Discrepancy theory and quasi-Monte Carlo methods
Tractablity of high dimensional problems
Two lecture series:
- Tutorial I
Christoph Aistleitner (TU Graz)
Uniform distribution and discrepancy: Analytic, number-theoretic and computational aspects
19.-21. September 2017, jeweils 10:15-11:45
This course starts with a basic introduction to the classical theory of uniform distribution modulo one and to discrepancy theory. We describe how the subject evolved since the beginning of the twentieth century, and recall several classical results (first day). We describe the connection with Fourier analysis, give a proof of the Erdös-Turan inequality and of Koksma’s inequality, and show some applications in number theory (second day).
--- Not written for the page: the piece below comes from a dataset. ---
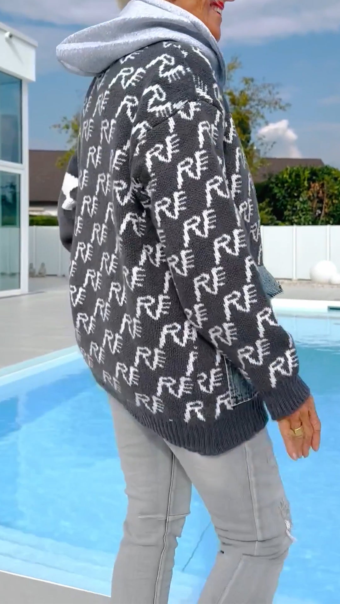 Women Patchwork Knitted Fake Two-piece Casual Jacket

We recall basic facts of Quasi-Monte Carlo integration, present the viewpoint of tractability theory, and prove upper and lower bounds for the inverse of the discrepancy. For this purpose we introduce tools from non-parametric statistics, combinatorial complexity theory and metric entropy theory (third day).
2. Tutorial II
Henryk Wozniakowski (Columbia University, New York, and University of Warsaw)
ABC on IBC and Tractability
2.-6. Oktober 2017, jeweils 10:00-11:00
I plan to cover basic issues of IBC=Information-Based Complexity and then discuss various notions of tractability of multivariate problems. No prior knowledge of the subject is required.